Selasa, 23 Desember 2008

Festival Wayang menghangatkan Yogyakarta

Langit Yogyakarta mendung semalam. Saya memasuki pelataran Taman Budaya yang tampak tak begitu riuh. Lamat-lamat semacam suara bonang dan seruling melengking mengarahkan langkah saya.

Memasuki gedung ruang pementasan di area Taman Budaya Yogyakarta ketika Ki Nurhadi bersama pengrawit pendukungnya dari Nusa Tenggara Timur tengah mengawali pementasan Wayang Sasak. Suasana ruangan cukup hangat. Lampu diredupkan hingga nyaris gelap. Kelir dicahayai hanya dengan warna tembaga jilatan api belencong dibantu sebuah bola lampu tak begitu terang, yang digantung di sepotong papan tepat di hadapan wajah si dalang, sehingga sesekali dalang musti berkelit dari senggolan lampu. Salah satu pengrawit memastikan bahwa lampu senantiasa bergoyang pelan, dengan sesekali mencoleknya dengan ujung jari. Dari balik kelir, penonton melihat bayangan yang saling berbincang itu seperti bergerak menari menjauh-mendekat.Pementasan yang bertajuk ‘Kubarsih’, yang menceritakan perselisihan antara Raja Kubarsih, Prabu Maliat Kustur, dengan Prabu Jayeng Rana, berlangsung kurang lebih 1 jam, dengan alat musik yang tidak cukup banyak.
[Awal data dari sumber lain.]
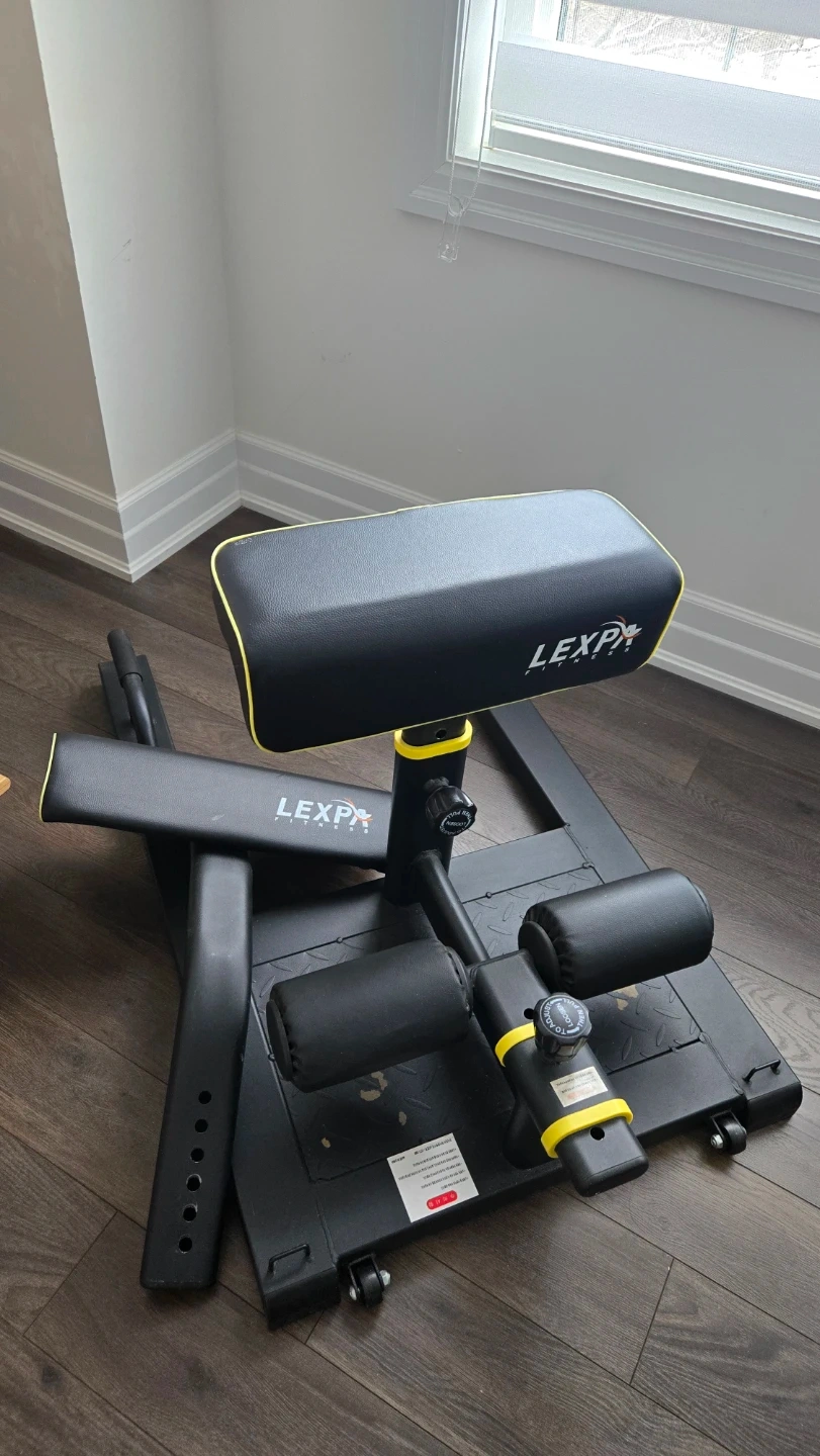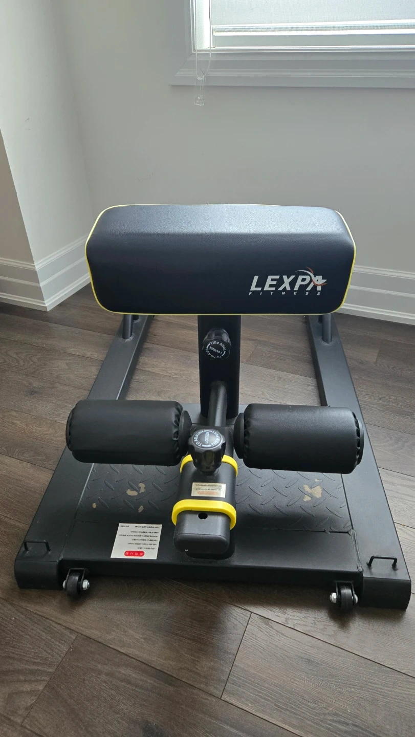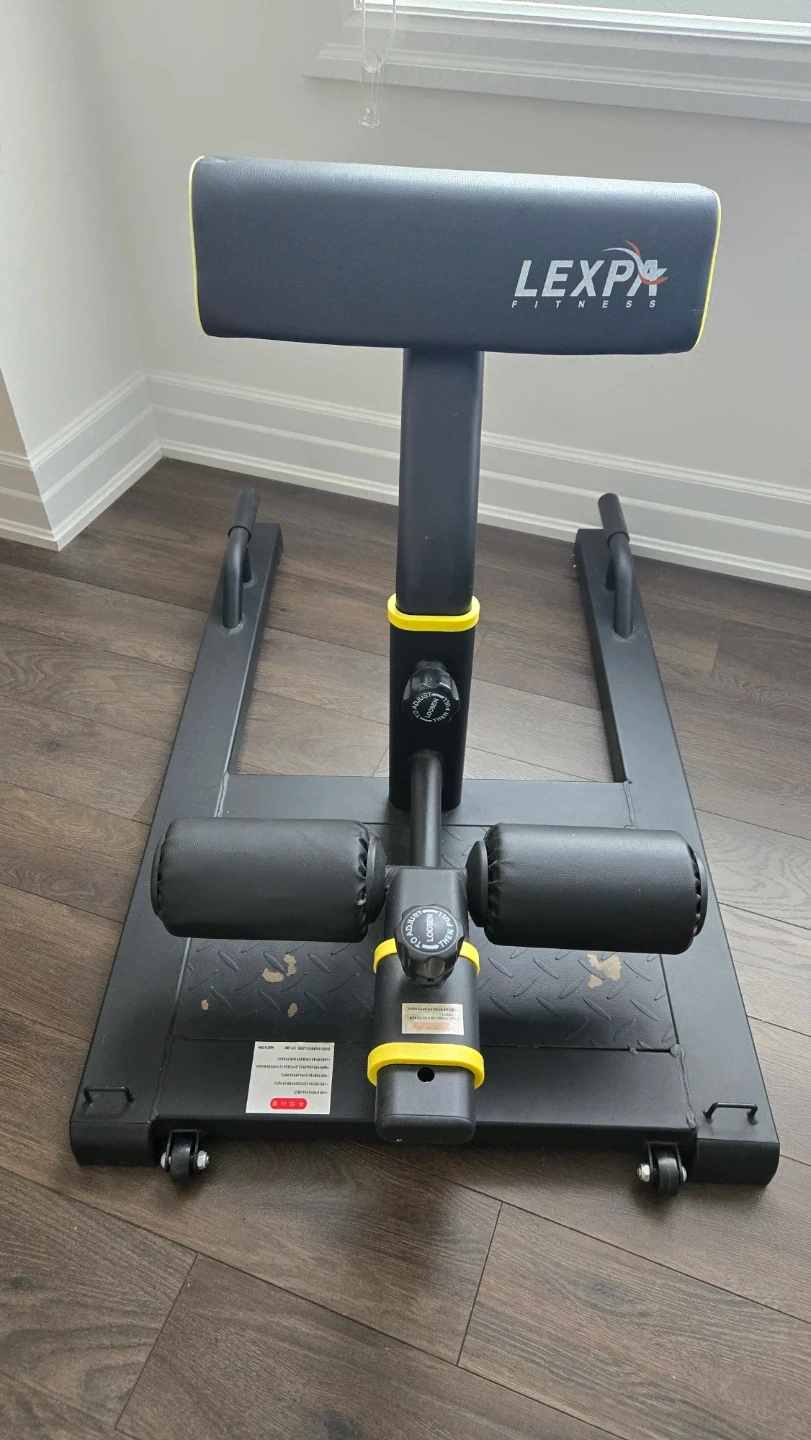 LEXPA FITNESS squat assist trainer. Durable black and yellow design. Helps with proper squat form and provides support. Adjustments available for personalized workouts.
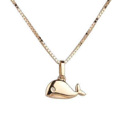 Una piccola balena gioviale e rotonda per accompagnare tutte le vostre avventure. Oro giallo e occhio in diamante. Modello grande.
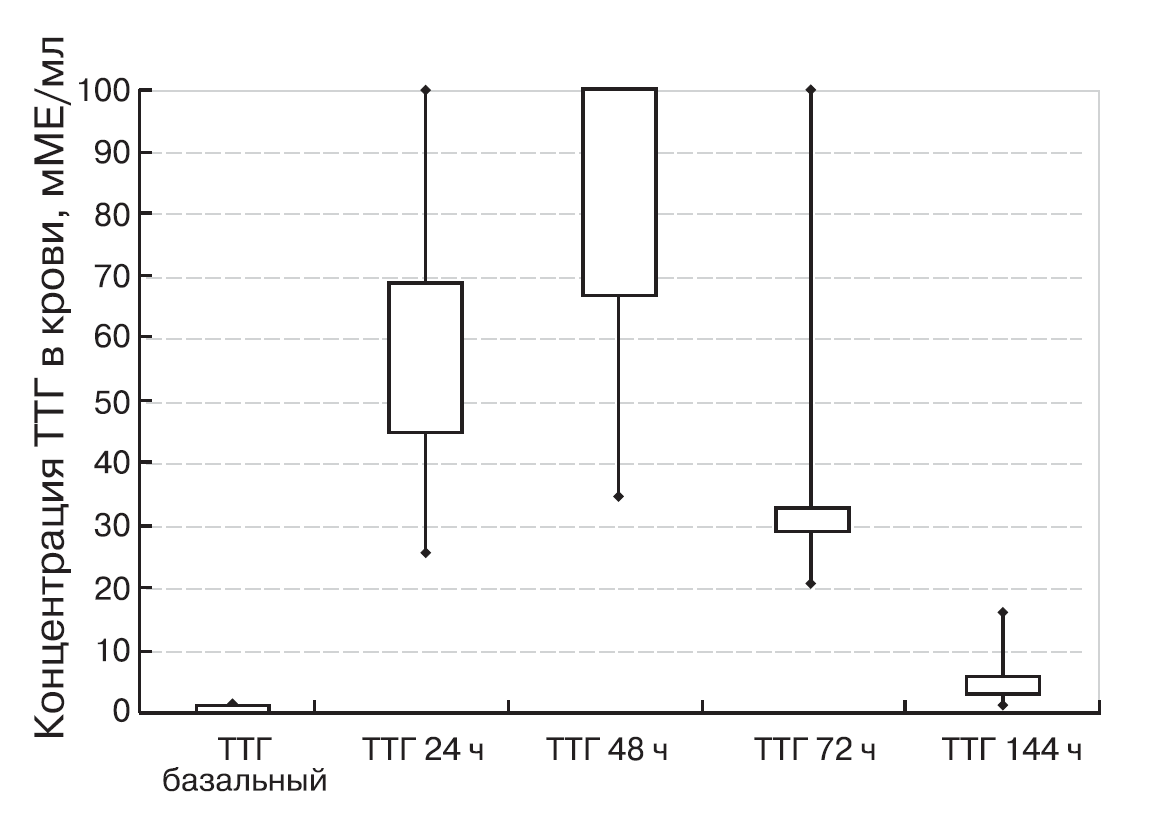 У всех пациентов исходно был определен уровень содержания ТТГ и ТГ в сыворотке крови. Исходно (перед введением тиротропина-альфа) секреция ТТГ была супрессирована у всех включенных в исследование пациентов. Содержание ТТГ превысило порог минимально необходимого уровня ТТГ (30 мМЕ/мл) через 24 ч после первой инъекции рч-ТТГ у 86% пациентов, через 48 ч – у всех (100%) пациентов, причем у 66 пациентов (75,1%) уровень ТТГ превышал 100 мМЕ/мл (рис. 1).
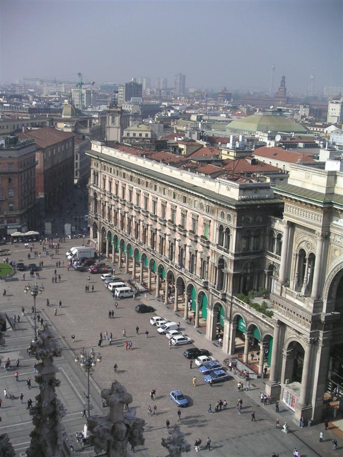 I förgrunden Piazza del Duomo. Till höger skymtar ingången till Galleria Vittorio Emanuele II.

Pementasan wayang sasak ini merupakan bagian dari keseluruhan Agenda Festival Wayang Nasional II, yang melibatkan 18 dalang ternama dari seluruh wilayah

Indonesia. Festival Wayang II ini juga bebarengan penyelenggaraannya dengan dua agenda besar pewayangan negeri ini, yakni Sidang II ASEAN Puppetry Assocation dan Musyawarah Nasional Persatuan Pedalangan Indonesia (PEPADI) ke-V.
Memasuki hari kedua, 13 dalang telah menunjukkan kebolehannya. Setiap dalang memperoleh ruang selama kurang lebih 1 jam untuk menampilkan cerita-cerita yang mereka pilih. Pementasan demi pementasan telah dimulai sejak pukul 10.00 WI hingga pukul 12.00. Malam kedua ini cukup dipadati penonton, yang mengikuti seluruh pertunjukan mulai dari sajian Komda Nusa Tenggara Barat, tuan rumah DI Yogyakarta, Sumatera Selatan dan Kalimantan Tengah. Cukup menggembirakan bahwa di antara penonton, banyak yang berasal dari kalangan muda, dan mahasiswa.


Menjelang pulang, sembari menunggu hujan berhenti, saya menghampiri beberapa penonton untuk mendengar pendapat mereka mengenai acara malam itu. Seorang penonton mengaku bernama Rudi, seorang mahasiswa, mengaku amat terkesan dengan pertunjukan malam itu. Dia tadinya berpikir bahwa wayang hanya ada di wilayah Jawa dan pementasan wayang Sasak malam tadi adalah yang mendorongnya untuk datang menonton, meski dia sendiri tidak memahami dialognya. Jangankan bahasa Sasak, wayang dalam bahasa Jawa pun kadang masih sulit dipahaminya karena bahasa Jawa yang digunakan bukanlah bahasa Jawa yang umumnya dia dengar sehari-hari.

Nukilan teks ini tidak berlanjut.